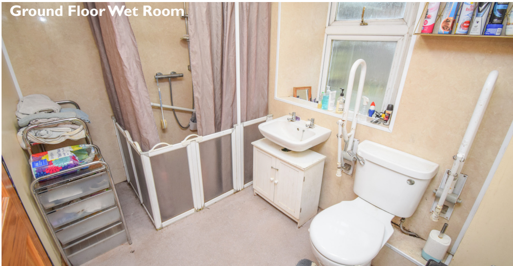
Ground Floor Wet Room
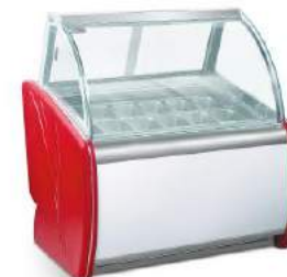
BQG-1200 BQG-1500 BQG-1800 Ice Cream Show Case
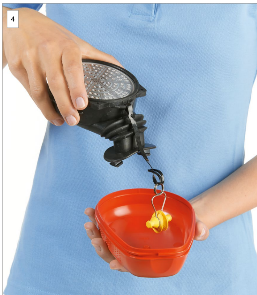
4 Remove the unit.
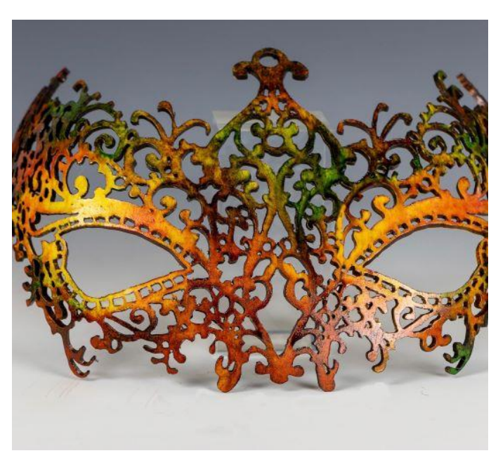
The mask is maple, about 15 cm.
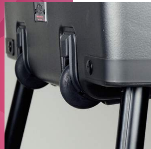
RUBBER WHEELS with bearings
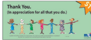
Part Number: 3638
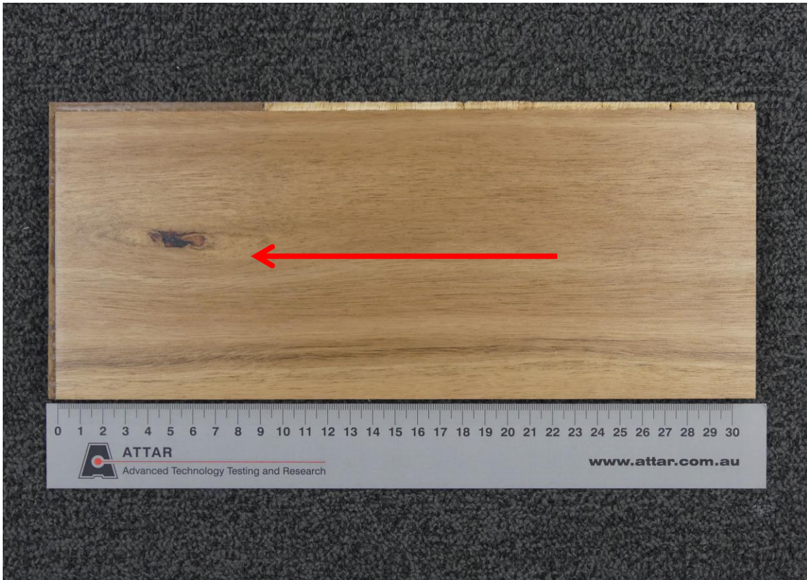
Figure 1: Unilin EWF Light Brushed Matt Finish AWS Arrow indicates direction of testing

* Task prompt *
The task calls for repeating each line above exactly while excluding the pictures.

* Task result *
Ground Floor Wet Room
BQG-1200 BQG-1500 BQG-1800 Ice Cream Show Case
4 Remove the unit.
The mask is maple, about 15 cm.
RUBBER WHEELS with bearings
Part Number: 3638
Figure 1: Unilin EWF Light Brushed Matt Finish AWS Arrow indicates direction of testing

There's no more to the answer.